R73A and H144Q mutants of the yeast mitochondrial cyclophilin Cpr3 exhibit a low prolyl isomerase activity in both peptide and protein-folding assays.

作者信息

Scholz C, Maier P, Dolinski K, Heitman J, Schmid F X

机构信息

Biochemisches Laboratorium, Universität Bayreuth, Germany.

出版信息

FEBS Lett. 1999 Jan 29;443(3):367-9. doi: 10.1016/s0014-5793(98)01735-9.

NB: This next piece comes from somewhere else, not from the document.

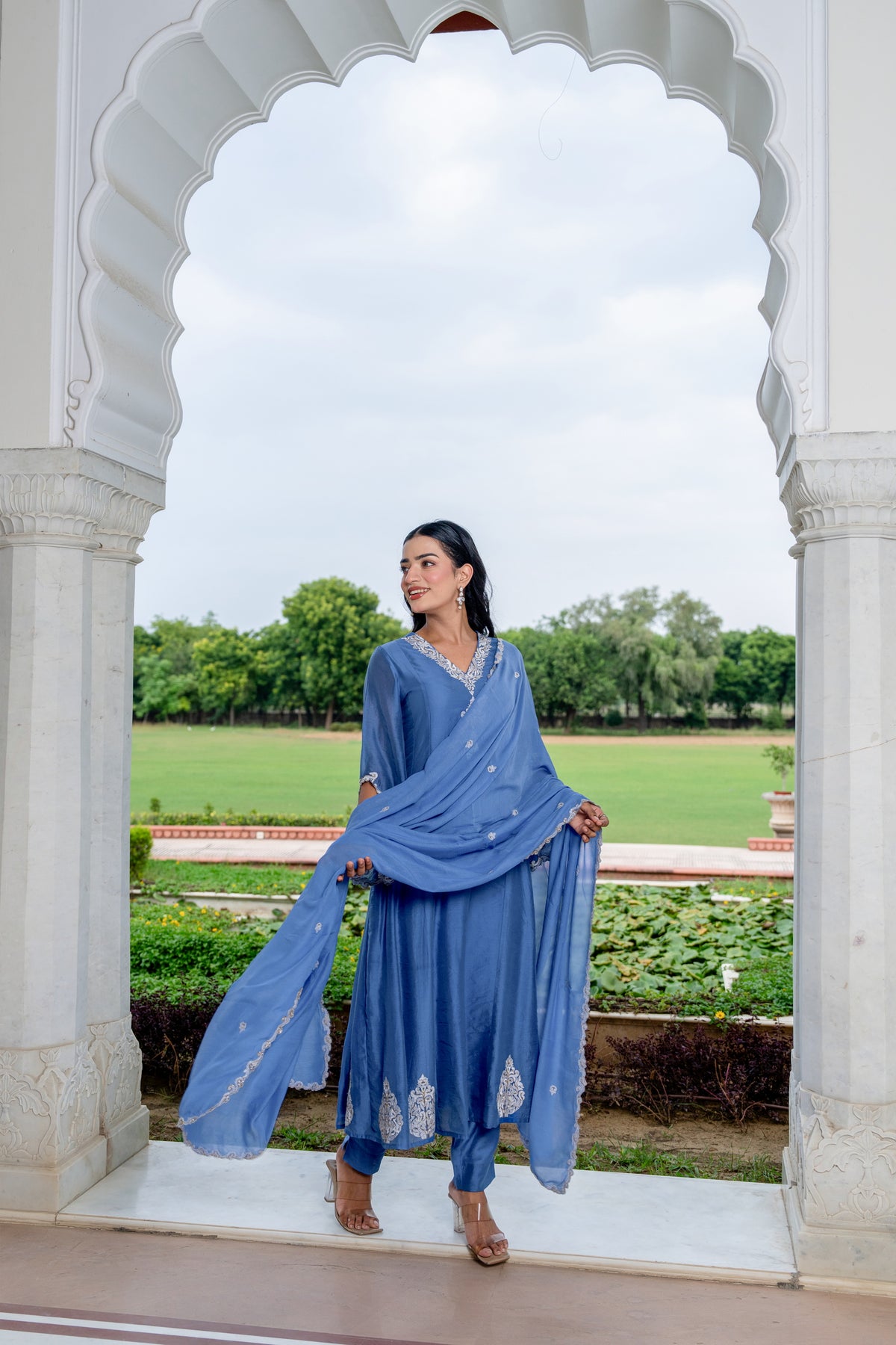 This graceful MUSLIN outfit captures the essence of ethnic charm . designed with intricate cutwork detailing on sleeves and dupatta, embellished with ADDA WORK . This piece brings together beauty and comfort. Whether worn for a celebration or a special outing, it adds a sense of timeless sophistication to your look.

DOI:10.1016/s0014-5793(98)01735-9
PMID:10025965
Abstract

Previously we reported that the R73A and H144Q variants of the yeast cyclophilin Cpr3 were virtually inactive in a protease-coupled peptide assay, but retained activity as catalysts of a proline-limited protein folding reaction [Scholz, C. et al. (1997) FEBS Lett. 414, 69-73]. A reinvestigation revealed that in fact these two mutations strongly decrease the prolyl isomerase activity of Cpr3 in both the peptide and the protein-folding assay. The high folding activities found previously originated from a contamination of the recombinant Cpr3 proteins with the Escherichia coli protein SlyD, a prolyl isomerase that co-purifies with His-tagged proteins. SlyD is inactive in the peptide assay, but highly active in the protein-folding assay.

摘要

此前我们报道,酵母亲环蛋白Cpr3的R73A和H144Q变体在蛋白酶偶联肽分析中实际上无活性,但作为脯氨酸限制的蛋白质折叠反应的催化剂仍保留活性[Scholz, C.等人(1997年)《欧洲生物化学学会联合会快报》414, 69 - 73]。重新研究发现,实际上这两个突变在肽和蛋白质折叠分析中均强烈降低了Cpr3的脯氨酰异构酶活性。先前发现的高折叠活性源于重组Cpr3蛋白被大肠杆菌蛋白SlyD污染,SlyD是一种与His标签蛋白共纯化的脯氨酰异构酶。SlyD在肽分析中无活性,但在蛋白质折叠分析中高度活跃。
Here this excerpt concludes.